» **Source material**

━━━━━━━━━━

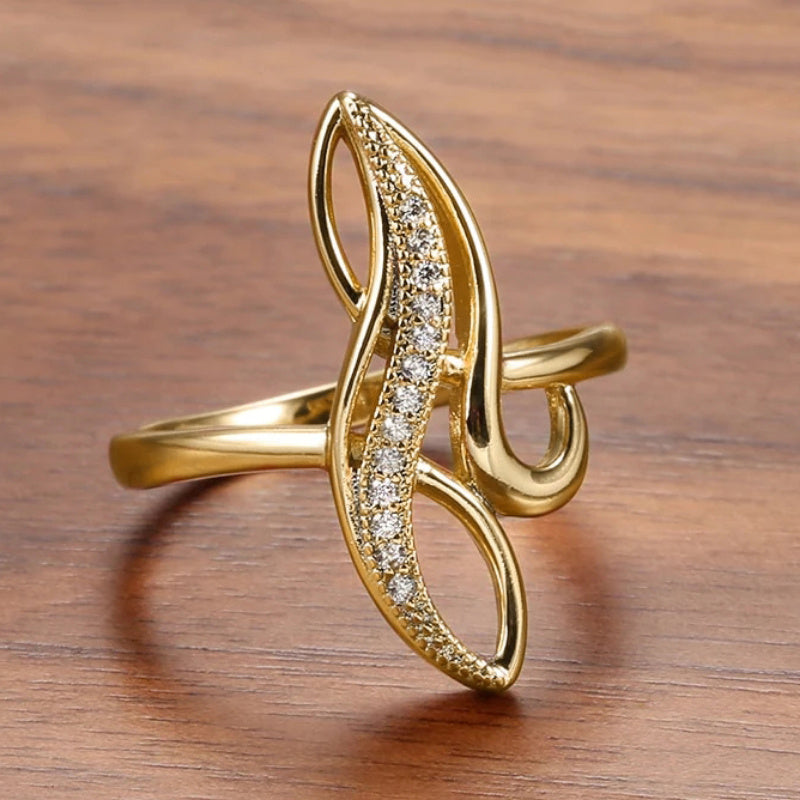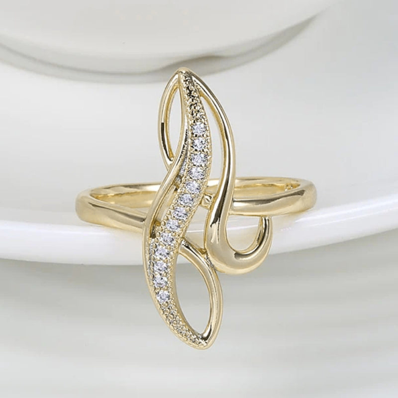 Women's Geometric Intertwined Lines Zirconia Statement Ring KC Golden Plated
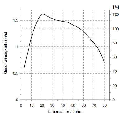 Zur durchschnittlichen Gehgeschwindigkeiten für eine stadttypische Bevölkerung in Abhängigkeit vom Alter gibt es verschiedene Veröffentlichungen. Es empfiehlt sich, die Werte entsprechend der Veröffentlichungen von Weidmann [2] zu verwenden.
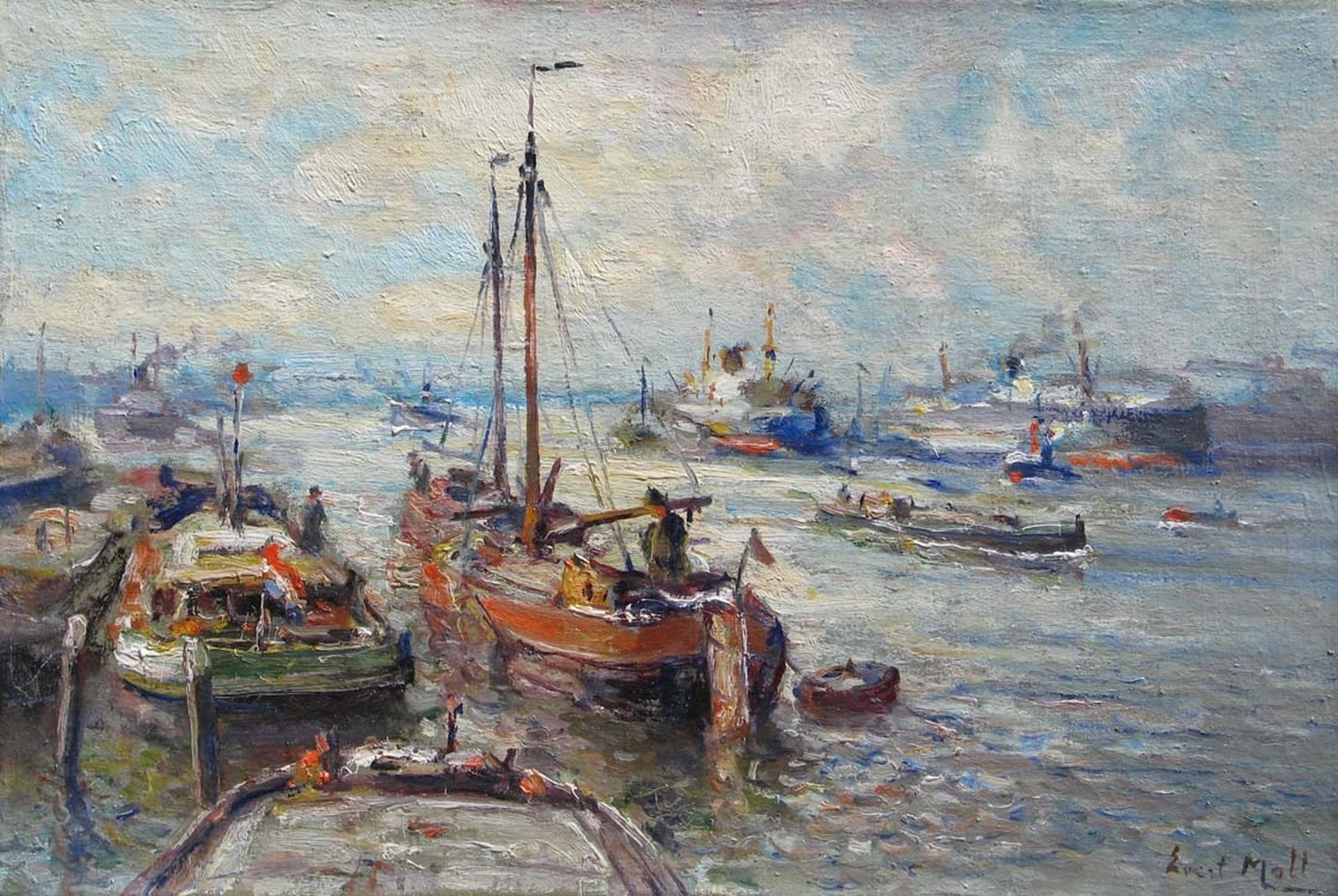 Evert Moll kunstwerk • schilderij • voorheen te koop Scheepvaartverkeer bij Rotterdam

━━━━━━━━━━

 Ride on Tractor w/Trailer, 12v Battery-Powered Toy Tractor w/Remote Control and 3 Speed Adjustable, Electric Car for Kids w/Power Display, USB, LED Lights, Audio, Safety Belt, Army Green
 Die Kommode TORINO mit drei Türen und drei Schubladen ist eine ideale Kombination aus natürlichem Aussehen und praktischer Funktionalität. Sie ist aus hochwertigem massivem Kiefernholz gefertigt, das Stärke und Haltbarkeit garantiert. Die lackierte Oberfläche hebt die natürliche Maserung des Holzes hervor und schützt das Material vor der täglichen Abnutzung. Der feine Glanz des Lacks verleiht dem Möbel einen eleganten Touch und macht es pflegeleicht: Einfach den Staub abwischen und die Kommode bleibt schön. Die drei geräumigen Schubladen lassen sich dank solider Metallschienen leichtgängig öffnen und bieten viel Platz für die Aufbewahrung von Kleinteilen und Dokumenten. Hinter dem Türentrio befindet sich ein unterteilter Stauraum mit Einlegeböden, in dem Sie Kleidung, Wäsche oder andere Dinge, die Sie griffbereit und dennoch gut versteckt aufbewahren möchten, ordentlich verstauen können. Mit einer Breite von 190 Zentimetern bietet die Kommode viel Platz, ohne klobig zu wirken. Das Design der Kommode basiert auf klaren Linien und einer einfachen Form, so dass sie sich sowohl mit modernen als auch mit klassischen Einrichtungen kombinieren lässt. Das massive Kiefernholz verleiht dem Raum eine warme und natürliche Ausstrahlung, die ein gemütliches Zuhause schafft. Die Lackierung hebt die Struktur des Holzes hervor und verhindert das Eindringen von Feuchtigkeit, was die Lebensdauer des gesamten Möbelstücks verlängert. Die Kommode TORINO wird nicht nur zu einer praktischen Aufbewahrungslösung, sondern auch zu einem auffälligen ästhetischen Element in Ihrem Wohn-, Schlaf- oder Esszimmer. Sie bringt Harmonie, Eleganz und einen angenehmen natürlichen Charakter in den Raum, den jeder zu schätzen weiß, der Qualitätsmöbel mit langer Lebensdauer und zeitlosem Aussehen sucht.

━━━━━━━━━━

» **Assignment**
Write out exactly the run of lines above that starts at the line containing "Women's Geometric Intertwined" and ends at the line containing "Evert Moll kunstwerk". Include both, and leave the pictures out.

» **Answer below**
 Women's Geometric Intertwined Lines Zirconia Statement Ring KC Golden Plated
 Zur durchschnittlichen Gehgeschwindigkeiten für eine stadttypische Bevölkerung in Abhängigkeit vom Alter gibt es verschiedene Veröffentlichungen. Es empfiehlt sich, die Werte entsprechend der Veröffentlichungen von Weidmann [2] zu verwenden.
 Evert Moll kunstwerk • schilderij • voorheen te koop Scheepvaartverkeer bij Rotterdam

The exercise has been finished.